**Task description:**
An exact copy of the records is required, minus the pictures they hold.

**Record set:**

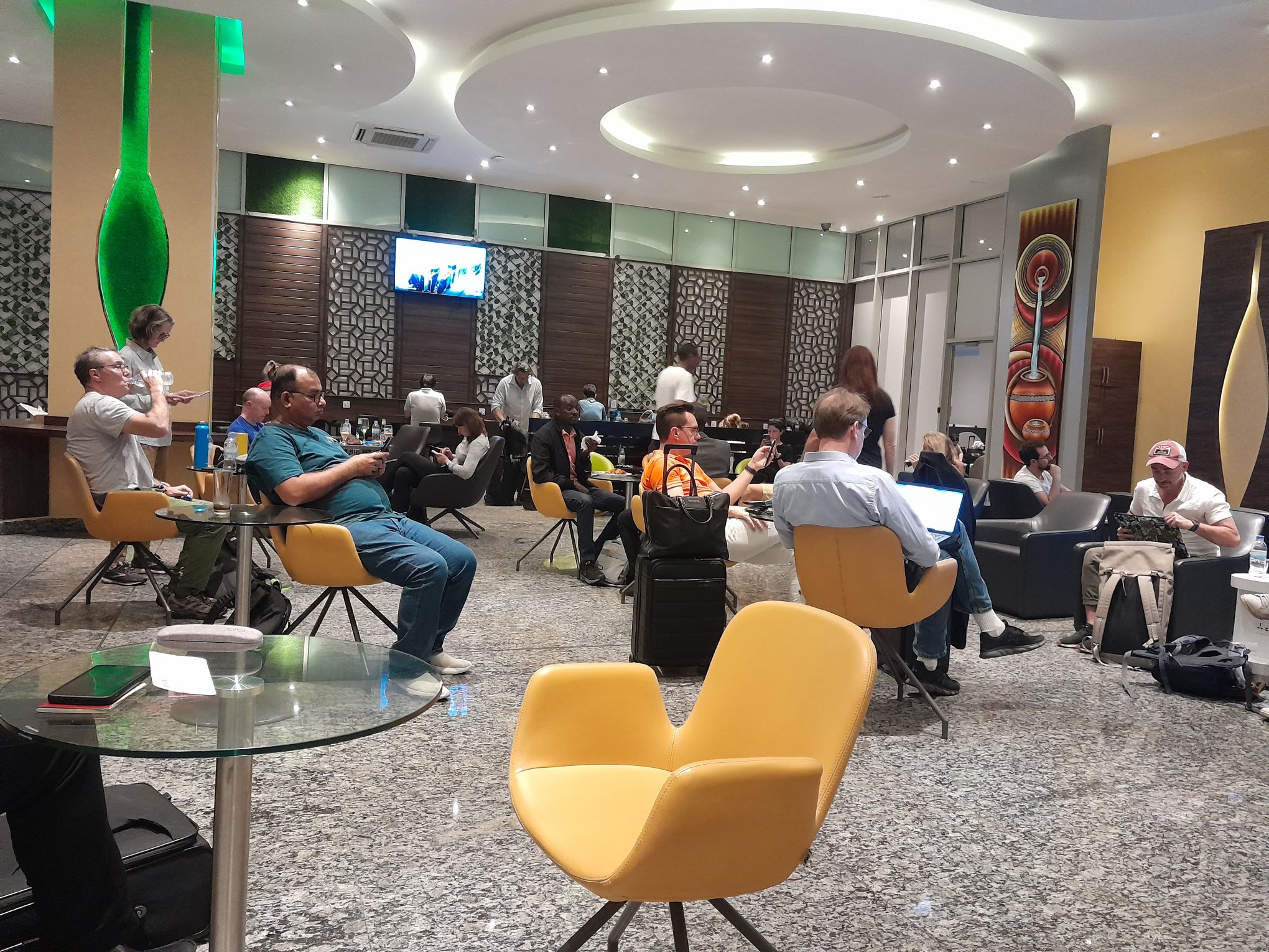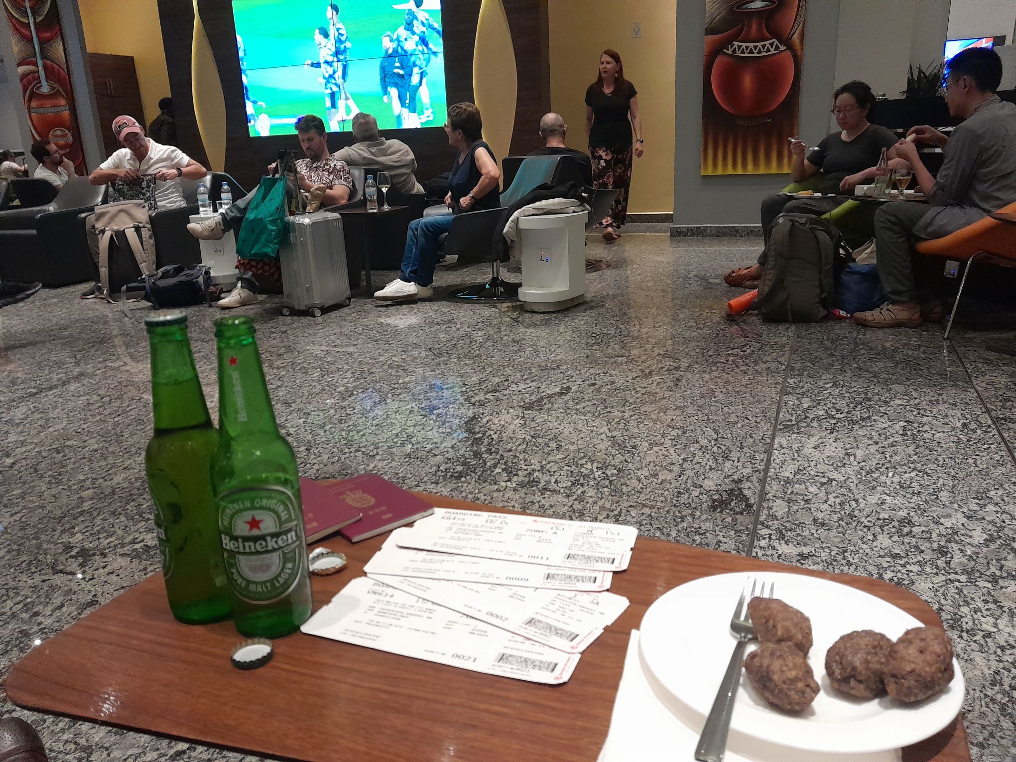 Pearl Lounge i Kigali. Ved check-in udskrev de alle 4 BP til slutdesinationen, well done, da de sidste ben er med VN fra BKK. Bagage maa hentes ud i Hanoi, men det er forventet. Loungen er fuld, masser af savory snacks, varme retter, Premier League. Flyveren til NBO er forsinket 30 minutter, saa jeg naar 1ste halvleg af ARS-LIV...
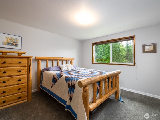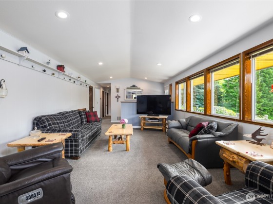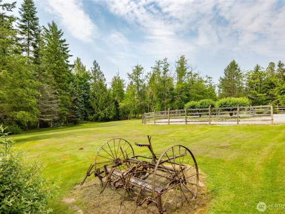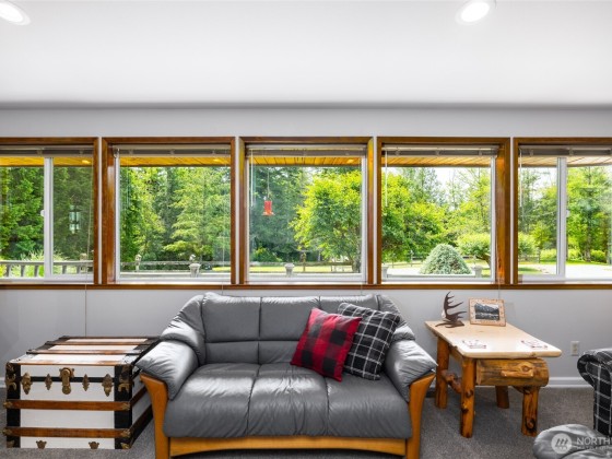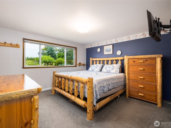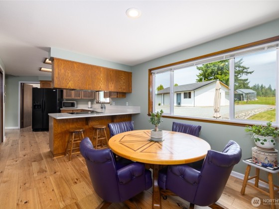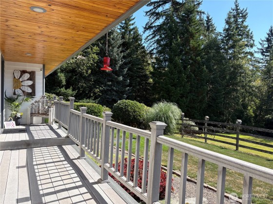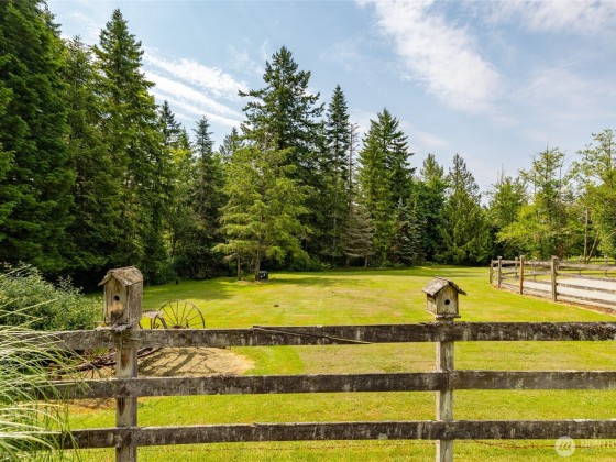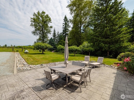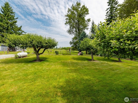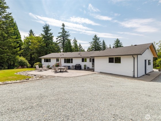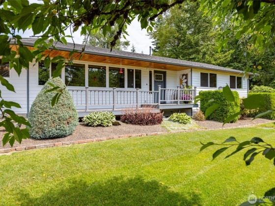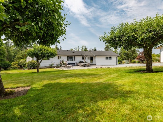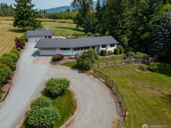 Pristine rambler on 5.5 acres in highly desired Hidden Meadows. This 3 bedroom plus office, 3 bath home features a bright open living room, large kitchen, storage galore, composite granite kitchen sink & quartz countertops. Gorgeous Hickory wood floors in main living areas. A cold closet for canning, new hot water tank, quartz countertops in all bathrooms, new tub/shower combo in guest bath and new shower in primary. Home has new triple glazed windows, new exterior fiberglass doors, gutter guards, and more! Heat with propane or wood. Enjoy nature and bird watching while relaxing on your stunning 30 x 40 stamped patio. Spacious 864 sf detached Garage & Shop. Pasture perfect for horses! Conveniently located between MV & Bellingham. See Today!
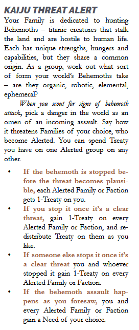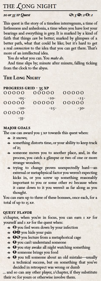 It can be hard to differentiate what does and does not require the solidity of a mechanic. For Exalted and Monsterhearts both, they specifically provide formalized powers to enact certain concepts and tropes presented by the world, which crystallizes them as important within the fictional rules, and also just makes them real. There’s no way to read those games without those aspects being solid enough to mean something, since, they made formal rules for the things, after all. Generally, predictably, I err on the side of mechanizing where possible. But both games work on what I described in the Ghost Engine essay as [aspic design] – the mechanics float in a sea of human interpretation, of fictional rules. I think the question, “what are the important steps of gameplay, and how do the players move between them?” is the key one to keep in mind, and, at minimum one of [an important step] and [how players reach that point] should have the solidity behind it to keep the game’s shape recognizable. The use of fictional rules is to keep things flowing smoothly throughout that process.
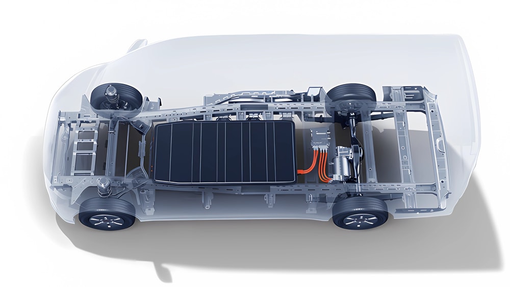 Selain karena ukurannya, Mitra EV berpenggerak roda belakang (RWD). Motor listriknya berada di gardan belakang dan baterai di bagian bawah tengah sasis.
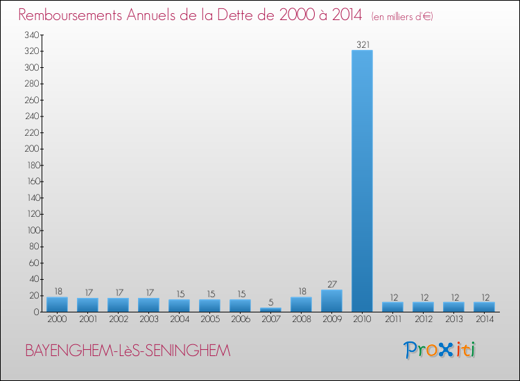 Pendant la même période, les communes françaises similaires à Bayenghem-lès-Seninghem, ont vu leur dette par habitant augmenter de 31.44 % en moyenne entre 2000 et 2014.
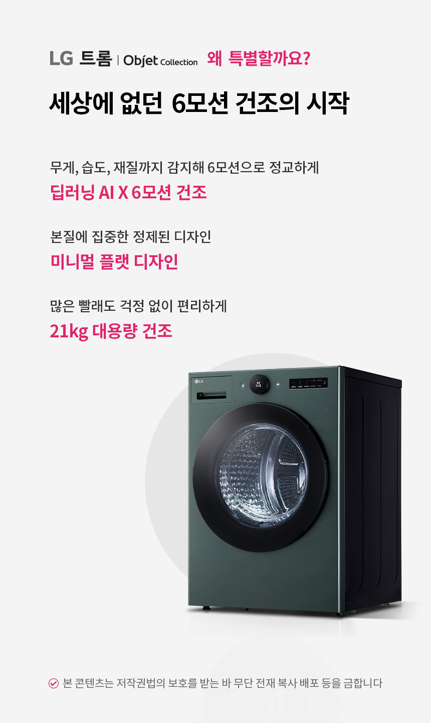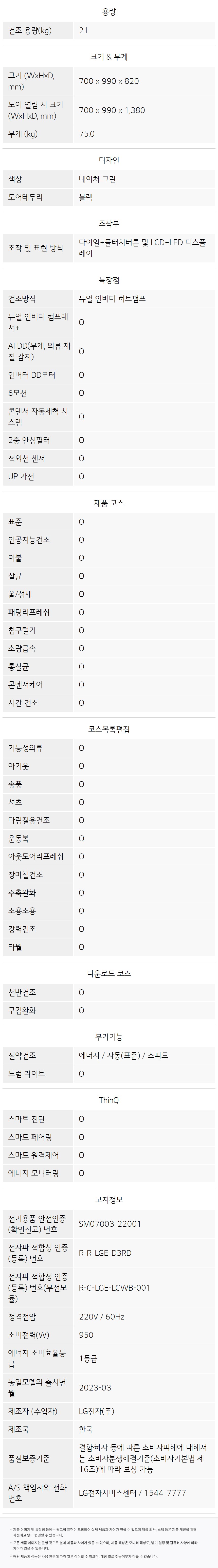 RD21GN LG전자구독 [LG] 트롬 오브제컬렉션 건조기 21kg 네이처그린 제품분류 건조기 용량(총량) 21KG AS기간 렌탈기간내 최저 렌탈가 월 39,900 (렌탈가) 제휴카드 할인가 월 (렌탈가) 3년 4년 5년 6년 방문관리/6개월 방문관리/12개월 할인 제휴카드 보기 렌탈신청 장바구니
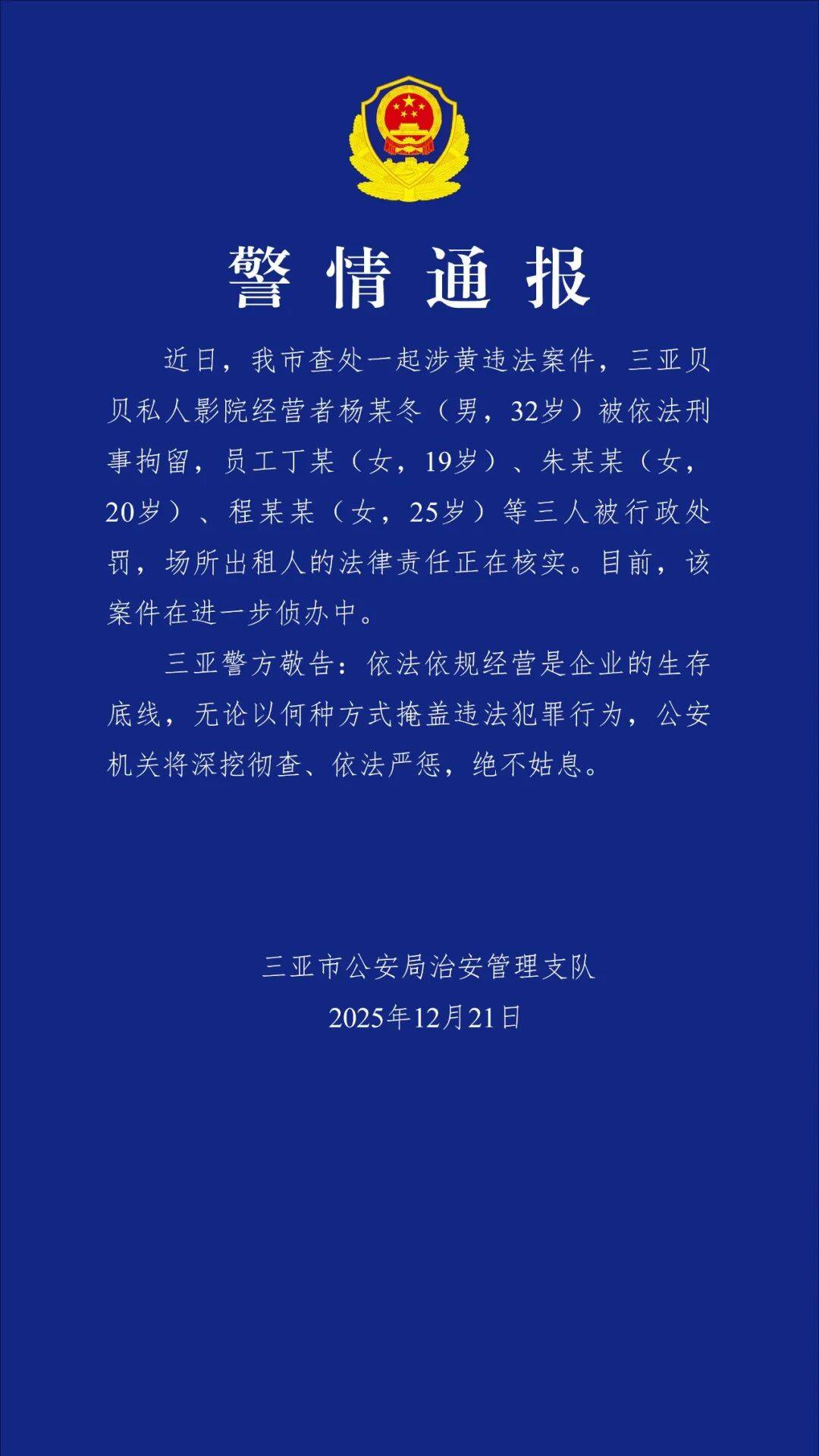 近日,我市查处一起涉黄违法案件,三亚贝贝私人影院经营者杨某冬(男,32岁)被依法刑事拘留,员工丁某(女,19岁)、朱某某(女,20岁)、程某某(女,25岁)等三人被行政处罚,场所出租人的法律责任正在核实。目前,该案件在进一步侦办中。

**Answer space:**
 Pearl Lounge i Kigali. Ved check-in udskrev de alle 4 BP til slutdesinationen, well done, da de sidste ben er med VN fra BKK. Bagage maa hentes ud i Hanoi, men det er forventet. Loungen er fuld, masser af savory snacks, varme retter, Premier League. Flyveren til NBO er forsinket 30 minutter, saa jeg naar 1ste halvleg af ARS-LIV...
 Pristine rambler on 5.5 acres in highly desired Hidden Meadows. This 3 bedroom plus office, 3 bath home features a bright open living room, large kitchen, storage galore, composite granite kitchen sink & quartz countertops. Gorgeous Hickory wood floors in main living areas. A cold closet for canning, new hot water tank, quartz countertops in all bathrooms, new tub/shower combo in guest bath and new shower in primary. Home has new triple glazed windows, new exterior fiberglass doors, gutter guards, and more! Heat with propane or wood. Enjoy nature and bird watching while relaxing on your stunning 30 x 40 stamped patio. Spacious 864 sf detached Garage & Shop. Pasture perfect for horses! Conveniently located between MV & Bellingham. See Today!
 It can be hard to differentiate what does and does not require the solidity of a mechanic. For Exalted and Monsterhearts both, they specifically provide formalized powers to enact certain concepts and tropes presented by the world, which crystallizes them as important within the fictional rules, and also just makes them real. There’s no way to read those games without those aspects being solid enough to mean something, since, they made formal rules for the things, after all. Generally, predictably, I err on the side of mechanizing where possible. But both games work on what I described in the Ghost Engine essay as [aspic design] – the mechanics float in a sea of human interpretation, of fictional rules. I think the question, “what are the important steps of gameplay, and how do the players move between them?” is the key one to keep in mind, and, at minimum one of [an important step] and [how players reach that point] should have the solidity behind it to keep the game’s shape recognizable. The use of fictional rules is to keep things flowing smoothly throughout that process.
 Selain karena ukurannya, Mitra EV berpenggerak roda belakang (RWD). Motor listriknya berada di gardan belakang dan baterai di bagian bawah tengah sasis.
 Pendant la même période, les communes françaises similaires à Bayenghem-lès-Seninghem, ont vu leur dette par habitant augmenter de 31.44 % en moyenne entre 2000 et 2014.
 RD21GN LG전자구독 [LG] 트롬 오브제컬렉션 건조기 21kg 네이처그린 제품분류 건조기 용량(총량) 21KG AS기간 렌탈기간내 최저 렌탈가 월 39,900 (렌탈가) 제휴카드 할인가 월 (렌탈가) 3년 4년 5년 6년 방문관리/6개월 방문관리/12개월 할인 제휴카드 보기 렌탈신청 장바구니
 近日,我市查处一起涉黄违法案件,三亚贝贝私人影院经营者杨某冬(男,32岁)被依法刑事拘留,员工丁某(女,19岁)、朱某某(女,20岁)、程某某(女,25岁)等三人被行政处罚,场所出租人的法律责任正在核实。目前,该案件在进一步侦办中。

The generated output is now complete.